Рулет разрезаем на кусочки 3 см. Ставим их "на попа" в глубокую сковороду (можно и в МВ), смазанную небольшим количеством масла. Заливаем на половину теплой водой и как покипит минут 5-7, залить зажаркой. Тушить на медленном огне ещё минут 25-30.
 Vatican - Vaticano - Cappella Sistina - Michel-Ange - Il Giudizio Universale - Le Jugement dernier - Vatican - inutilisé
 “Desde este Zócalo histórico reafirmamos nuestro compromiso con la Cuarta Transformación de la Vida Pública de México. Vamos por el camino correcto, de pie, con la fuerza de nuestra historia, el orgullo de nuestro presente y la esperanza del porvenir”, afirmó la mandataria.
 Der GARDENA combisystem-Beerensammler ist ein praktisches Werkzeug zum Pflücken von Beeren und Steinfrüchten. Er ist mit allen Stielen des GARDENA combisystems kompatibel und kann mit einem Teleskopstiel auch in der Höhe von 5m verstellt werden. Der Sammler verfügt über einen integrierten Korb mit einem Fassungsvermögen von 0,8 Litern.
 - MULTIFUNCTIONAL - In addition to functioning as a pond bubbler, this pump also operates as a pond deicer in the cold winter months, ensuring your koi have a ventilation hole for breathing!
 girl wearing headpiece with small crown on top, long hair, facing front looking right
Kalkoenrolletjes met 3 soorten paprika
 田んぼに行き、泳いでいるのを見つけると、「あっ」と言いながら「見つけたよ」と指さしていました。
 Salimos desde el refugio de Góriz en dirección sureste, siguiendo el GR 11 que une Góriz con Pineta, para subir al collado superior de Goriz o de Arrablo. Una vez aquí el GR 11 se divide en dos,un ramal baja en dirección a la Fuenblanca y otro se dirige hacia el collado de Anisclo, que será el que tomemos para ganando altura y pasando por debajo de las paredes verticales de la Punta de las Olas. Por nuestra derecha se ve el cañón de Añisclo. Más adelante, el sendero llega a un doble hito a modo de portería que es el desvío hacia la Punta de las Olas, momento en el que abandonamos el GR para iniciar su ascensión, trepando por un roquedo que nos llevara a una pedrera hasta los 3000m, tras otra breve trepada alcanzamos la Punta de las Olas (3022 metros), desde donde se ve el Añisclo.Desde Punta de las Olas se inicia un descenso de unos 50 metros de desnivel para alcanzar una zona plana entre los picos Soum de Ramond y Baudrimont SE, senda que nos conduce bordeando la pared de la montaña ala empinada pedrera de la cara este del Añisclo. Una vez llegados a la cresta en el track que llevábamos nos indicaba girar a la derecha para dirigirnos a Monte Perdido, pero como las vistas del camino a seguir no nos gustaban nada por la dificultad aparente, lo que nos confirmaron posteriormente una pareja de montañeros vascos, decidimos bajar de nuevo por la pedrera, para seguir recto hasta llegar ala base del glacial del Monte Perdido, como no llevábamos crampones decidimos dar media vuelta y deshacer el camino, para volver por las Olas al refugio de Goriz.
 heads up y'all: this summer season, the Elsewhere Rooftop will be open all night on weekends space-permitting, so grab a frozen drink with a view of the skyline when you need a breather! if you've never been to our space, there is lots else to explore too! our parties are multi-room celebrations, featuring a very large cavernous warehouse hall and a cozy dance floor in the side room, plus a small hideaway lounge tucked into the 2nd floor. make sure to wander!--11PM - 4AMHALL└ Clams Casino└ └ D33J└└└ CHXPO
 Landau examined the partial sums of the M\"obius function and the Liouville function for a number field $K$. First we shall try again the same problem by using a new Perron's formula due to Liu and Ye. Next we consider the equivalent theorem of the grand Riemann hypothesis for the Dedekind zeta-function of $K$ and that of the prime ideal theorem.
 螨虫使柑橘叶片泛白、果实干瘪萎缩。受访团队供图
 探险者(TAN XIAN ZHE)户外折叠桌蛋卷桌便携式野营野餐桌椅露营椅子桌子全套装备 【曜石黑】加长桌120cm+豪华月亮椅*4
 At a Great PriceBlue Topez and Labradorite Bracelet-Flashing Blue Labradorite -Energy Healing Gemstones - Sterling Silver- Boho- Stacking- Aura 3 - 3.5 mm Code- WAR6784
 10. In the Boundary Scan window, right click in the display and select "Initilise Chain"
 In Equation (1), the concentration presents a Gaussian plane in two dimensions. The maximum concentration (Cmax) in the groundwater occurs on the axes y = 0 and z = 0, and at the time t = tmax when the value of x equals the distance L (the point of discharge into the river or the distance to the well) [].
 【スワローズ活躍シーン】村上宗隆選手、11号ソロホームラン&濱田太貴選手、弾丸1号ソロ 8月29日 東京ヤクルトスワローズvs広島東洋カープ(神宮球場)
= = =
[HOW TO COMPLETE THIS TASK] Starting at the line that contains "螨虫使柑橘叶片泛白、果实干瘪萎缩。受访团队供图" and stopping after the line that contains "探险者(TAN XIAN ZHE)户外折叠桌蛋卷桌便携式野营野餐桌椅露营椅子桌子全套装备", write out every line exactly as it appears above, and no other line.

[ANSWER BELOW]
 螨虫使柑橘叶片泛白、果实干瘪萎缩。受访团队供图
 探险者(TAN XIAN ZHE)户外折叠桌蛋卷桌便携式野营野餐桌椅露营椅子桌子全套装备 【曜石黑】加长桌120cm+豪华月亮椅*4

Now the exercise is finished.